I am sorry to hear this, Kathy. She was so fortunate to have you at her side, then and always. Try not to be haunted by the last few days. She knew what she meant to you.

Best,
Laurie
 
So very sorry for your loss Kathy xxx
 
Oh Kathy, I'm so sorry you lost your mom. Don't regret how things were or ran, it's just too much to get it all right and you did great.
I also had to walk away from the forum for some time. I spent more time with friends talking, I was outside, I made up for the last crazy weeks. Peace to your family and thank you for being there for her!
 
Kathy, I'm so very sorry for your loss and the pain that you and your Mom had to go through. This beast is kind to No one. Take care of yourself. Jlynn
 
She is at peace now, you took great care of her!
 
I am very sorry. As said above she was very lucky to have such a loving and amazing caregiver
 
You mom is at peace. You were with her during her transition. That's what matters.

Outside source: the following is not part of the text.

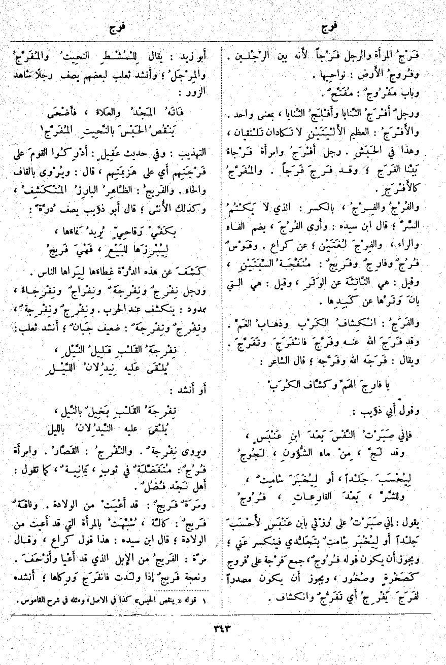 يَقُولُ: إِني صَبَرْتُ عَلَى رُزْئي بِابْنِ عَنْبَسٍ لأُحْسَبَ جَلْداً أَو لِيُخْبَر شامتٌ بتَجَلُّدي فَيَنْكَسِرَ عَني؛ وَيَجُوزُ أَن يَكُونَ قَوْلُهُ فُرُوجٌ، جَمْعُ فَرْجة عَلَى فُروج كَصَخْرةٍ وصُخُور، وَيَجُوزُ أَن يَكُونَ مَصْدَرًا لفَرَجَ يَفْرِجُ أَي تَفَرُّجٌ وَانْكِشَافٌ. أَبو زَيْدٍ: يُقَالُ لِلْمُشْطِ النحِيتُ والمُفَرَّجُ والمِرْجَلُ؛ وأَنشد ثَعْلَبٌ لِبَعْضِهِمْ يَصِفُ رَجُلًا شَاهَدَ الزُّورَ:
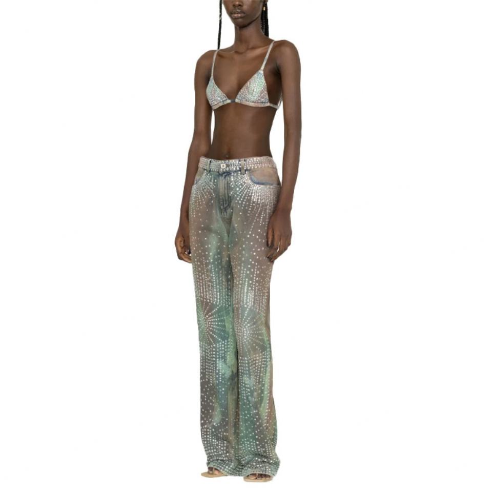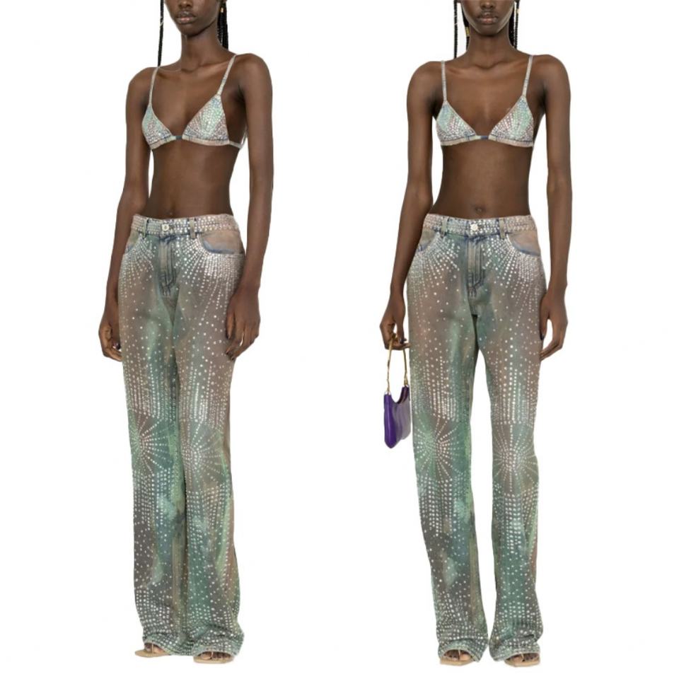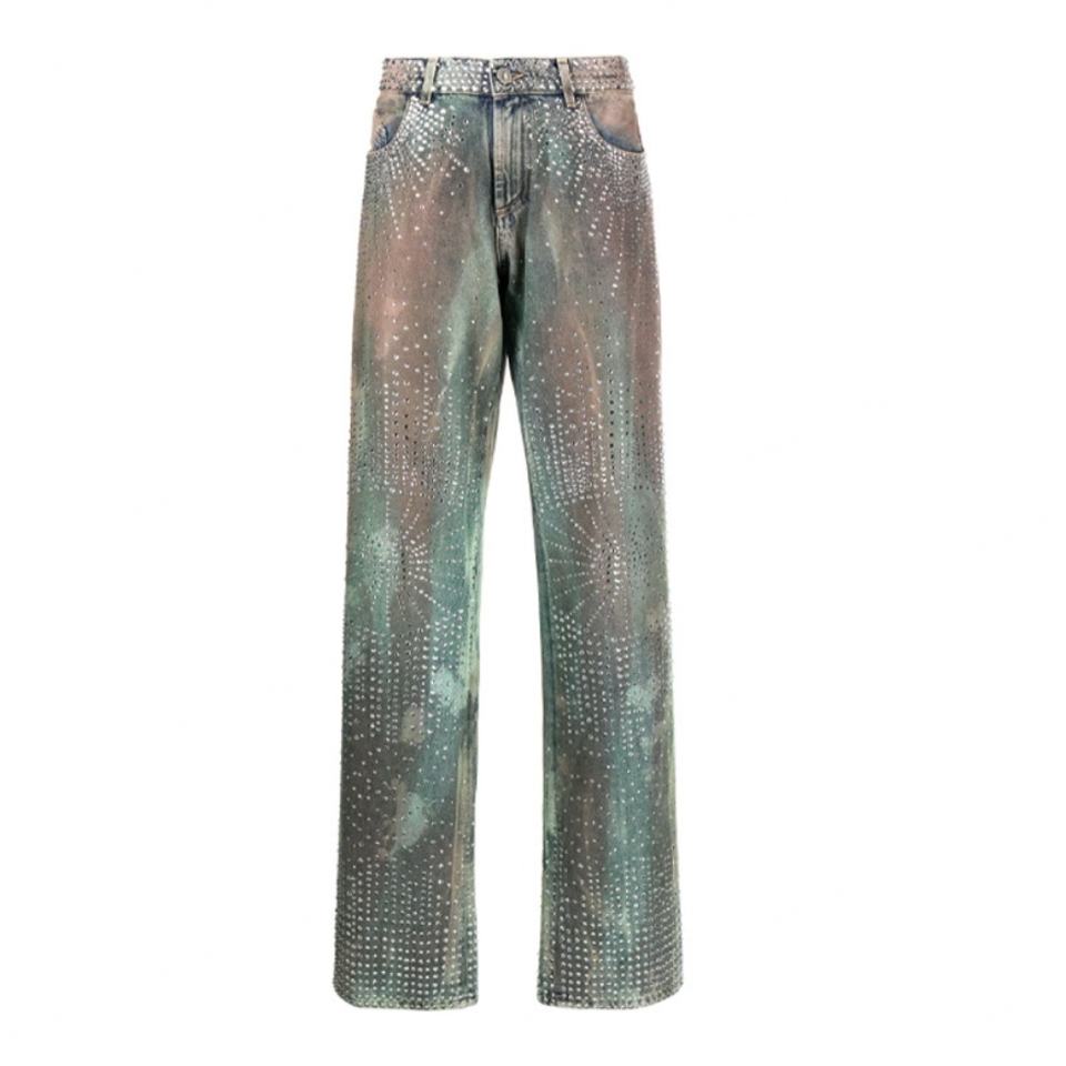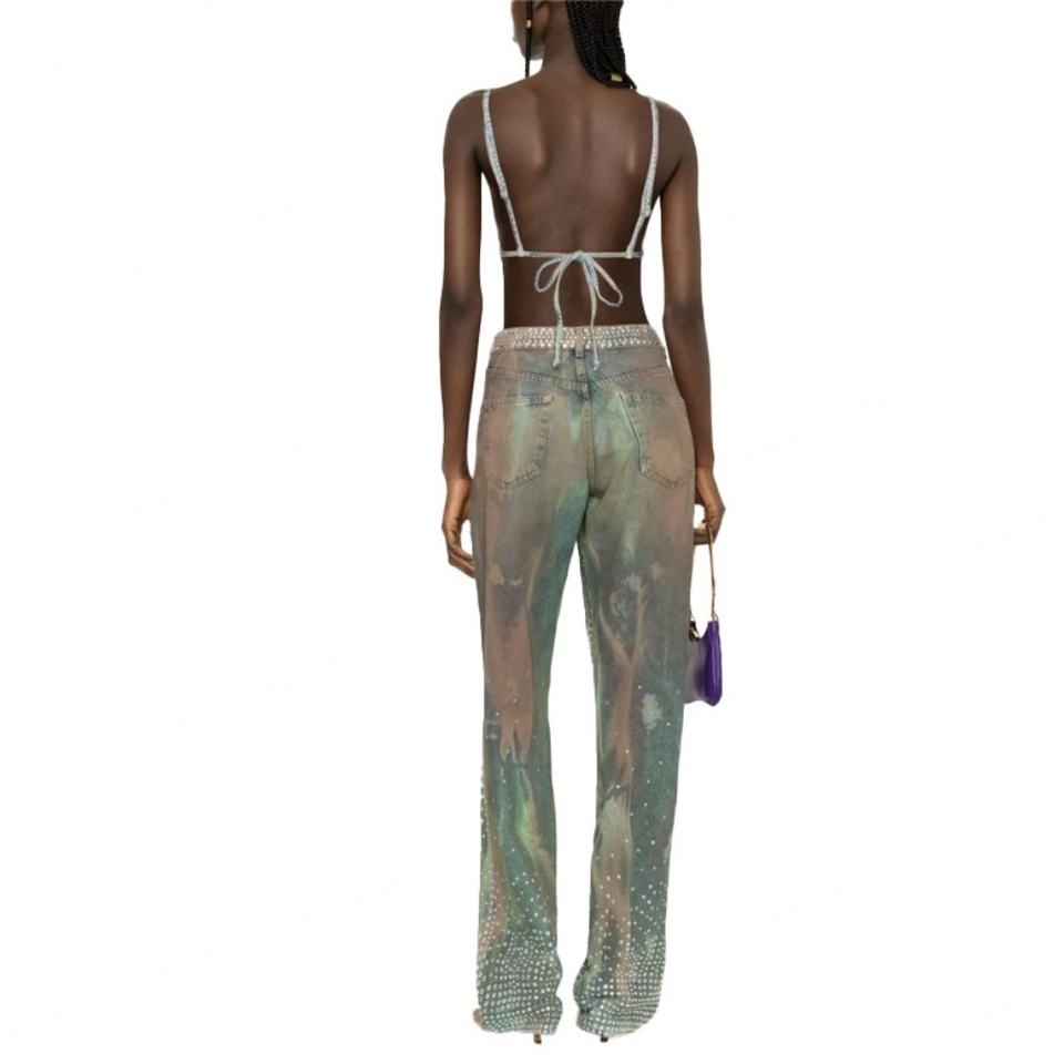 High Quality Tie-dye Women's Straight Leg Jeans With Multi-color Camo Crystal Embellishment

Live well. I'm so sorry for your loss.
 
Kathy, I am so sorry for your loss of your Mom. Your love and concern for her was evident in every one of your posts. I hope you find comfort knowing that she is free now and that you did all you could to try to help her.

You are in my thoughts and prayers.

Sharon
 
So sorry for your loss. Our thoughts are with you and your family.
 
Kathy I am so very sorry for your loss. You were an amazing caregiver. You Mom knew you loved her and did everything possible for her. Never doubt that for even 1 second. Know I’m praying for you and your family for peace and comfort.

Hugs
 
I am so very sorry for your loss. She was fortunate for your loving care. Your Mom is comfortable now and I'm sure she will want the same for you. Go find your peace.



My best...


Jim
 
My condolences for your loss. You did exactly what a loving caregiver can do. Peace.

Ed
 
Oh my goodness, thank-you all so much for your kind words. They are truly consoling to me, you have no idea. What a lovely group of people you all are. We're blessed to have this community to support each other. It would have been so lonely without it, and thanks for reassuring me that I couldn't have done more. I still wish there was more I could have done, but I know I couldn't have. I did the best I could. My best and only thing I could say that I learned, that was so important, is get palliative involved as soon as you even remotely think you need it. It would have been so much better to have their support earlier than during a crisis.

Big hug to you all on this journey, PALS, CALS, and people who have lost their loved ones. Big hug.